Well, what a shocker of a late update – the last was in February when I was in England – just before Covid-19 hit Australia, and we scraped back in with only a few days to spare before the first lockdown. So much has happened since then.

Perhaps the most amazing (well, yes, definitely THE most amazing!) was the shortlisting of my historical fiction manuscript, ‘Roses of Budapest’, in the HarperCollins Banjo Prize for an unpublished manuscript.
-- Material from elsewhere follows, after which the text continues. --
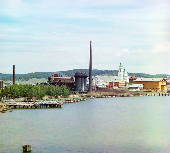 А что же Урал? В главной российской кузнице Прокудин-Горский, разумеется, тоже побывал. К сожалению, цветных снимков с заводами сохранилось не так много — сам фотограф говорил, что ему запретили их вывозить по стратегическим соображениям. Но сохранилось минимум четыре фотографии чугуноплавильного завода в Сатке. Конечно, невероятный контраст между доменными печами и чёрными заводскими трубами с одной стороны и белоснежной церковью — с другой.

I was a runner up and extend HUGE CONGRATS to Dinuka McKenzie, the winner of the 2020 Banjo Prize, who as a result won a publishing contract from HarperCollins Australia with her crime manuscript ‘Flood Debris’. I can’t wait to read her novel in 2021! You can find the HarperCollins Banjo shortlisting press release below:

https://www.harpercollins.com.au/press-room/harpercollins-publishers-announces-shortlist-for-the-2020-banjo-prize/

I’m continuing to polish ‘Roses of Budapest’, an untold story about a strong young Jewish woman in Nazi-occupied Hungary in WW2. I have SO much passion for this story, and I hope it finds a publishing home soon. Like my protagonist, Matild, I will never give up. 🙂

On the uni front, I am on track to finish my Masters in Writing and Literature thesis, and degree, in July 2021. Again, a story of war, strong women, love, but this time, a strong focus on the reconciliation of trauma – so a lot of literary trauma theory and research. Just as with my novel, I am totally in love with my thesis and have the most amazing and supportive supervisor.

I have another exciting opportunity with ‘Roses of Budapest’ soon, and if anything eventuates I will be sure to let you know.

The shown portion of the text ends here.